### ASSIGNMENT
Look in the data below for the line that has "現状括弧書き内の年月まで車検", then print exactly every line from there through the line that has "3. Insert the", leaving pictures out.

### RECORDED DATA
◇ ◇ ◇ ◇
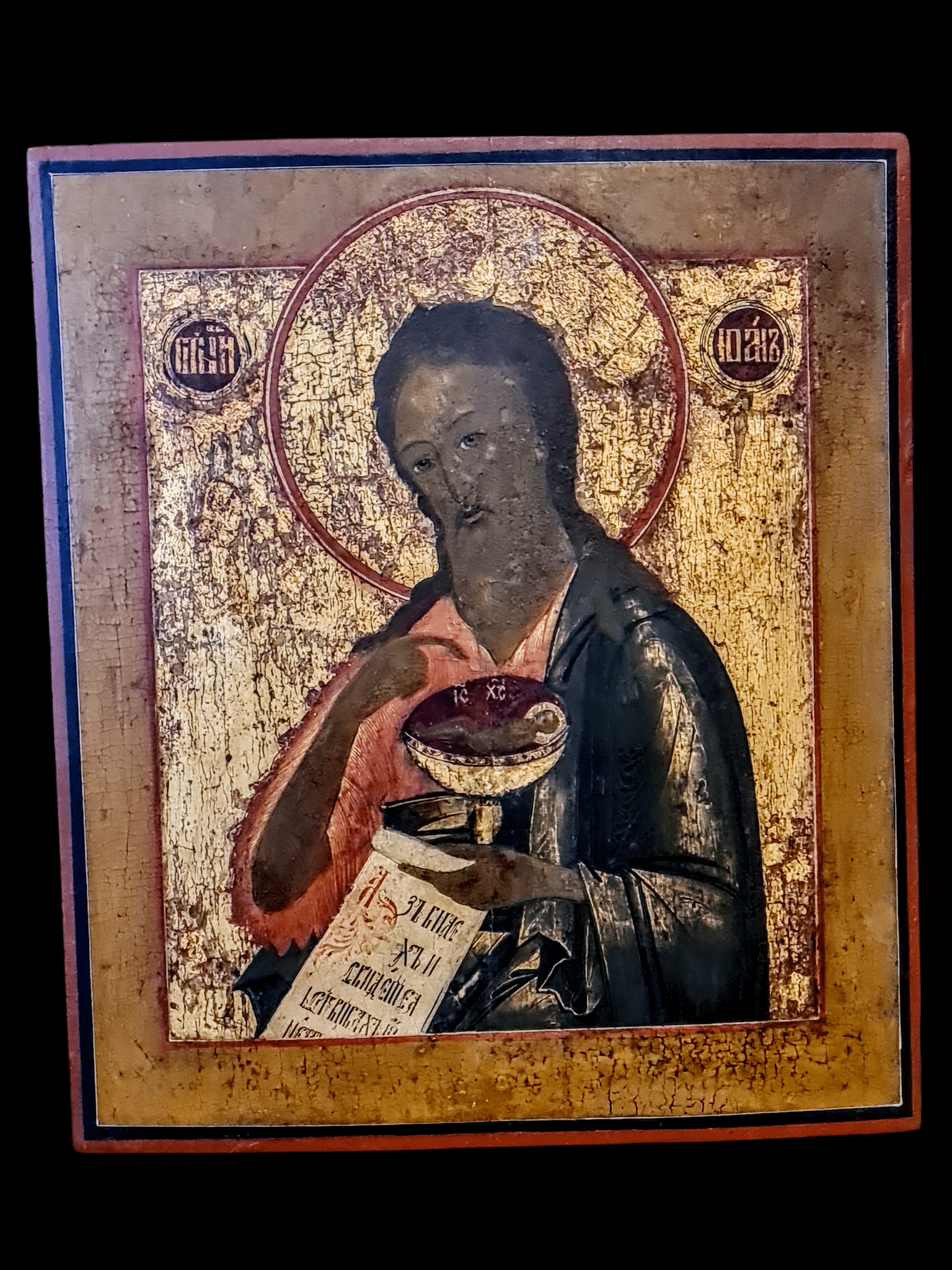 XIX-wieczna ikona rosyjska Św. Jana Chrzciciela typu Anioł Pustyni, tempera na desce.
◇ ◇ ◇ ◇
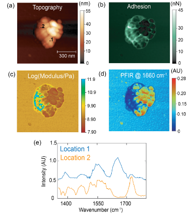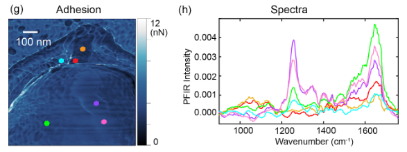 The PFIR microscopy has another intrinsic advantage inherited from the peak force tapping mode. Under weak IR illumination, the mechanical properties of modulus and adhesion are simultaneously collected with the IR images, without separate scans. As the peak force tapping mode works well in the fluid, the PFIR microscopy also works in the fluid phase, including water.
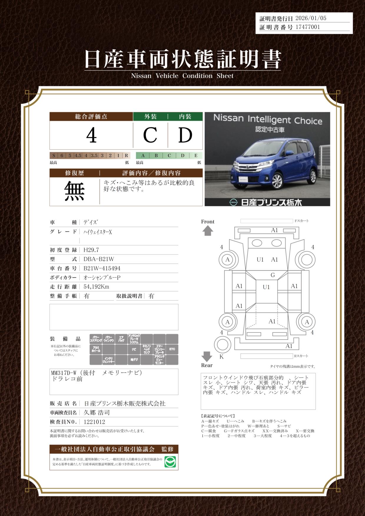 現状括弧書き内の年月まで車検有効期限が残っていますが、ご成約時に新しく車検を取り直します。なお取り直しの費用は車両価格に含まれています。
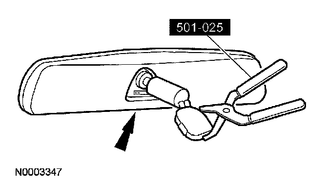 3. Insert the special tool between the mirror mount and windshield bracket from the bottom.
◇ ◇ ◇ ◇
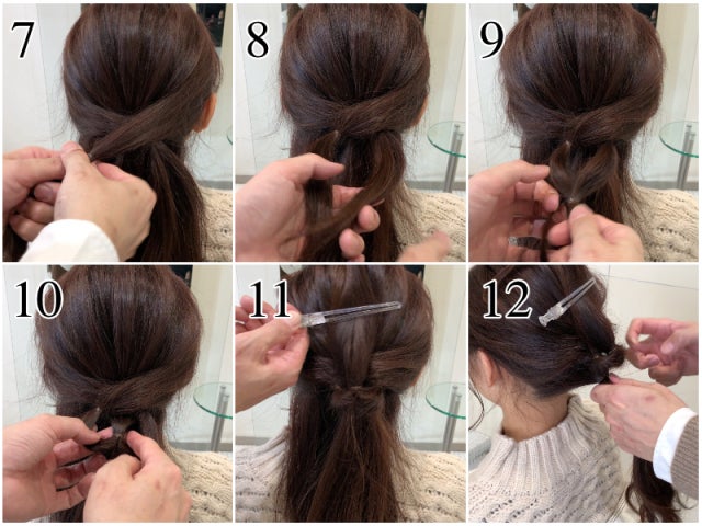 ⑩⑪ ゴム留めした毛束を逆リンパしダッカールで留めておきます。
◇ ◇ ◇ ◇
### ANSWER BELOW
 現状括弧書き内の年月まで車検有効期限が残っていますが、ご成約時に新しく車検を取り直します。なお取り直しの費用は車両価格に含まれています。
 3. Insert the special tool between the mirror mount and windshield bracket from the bottom.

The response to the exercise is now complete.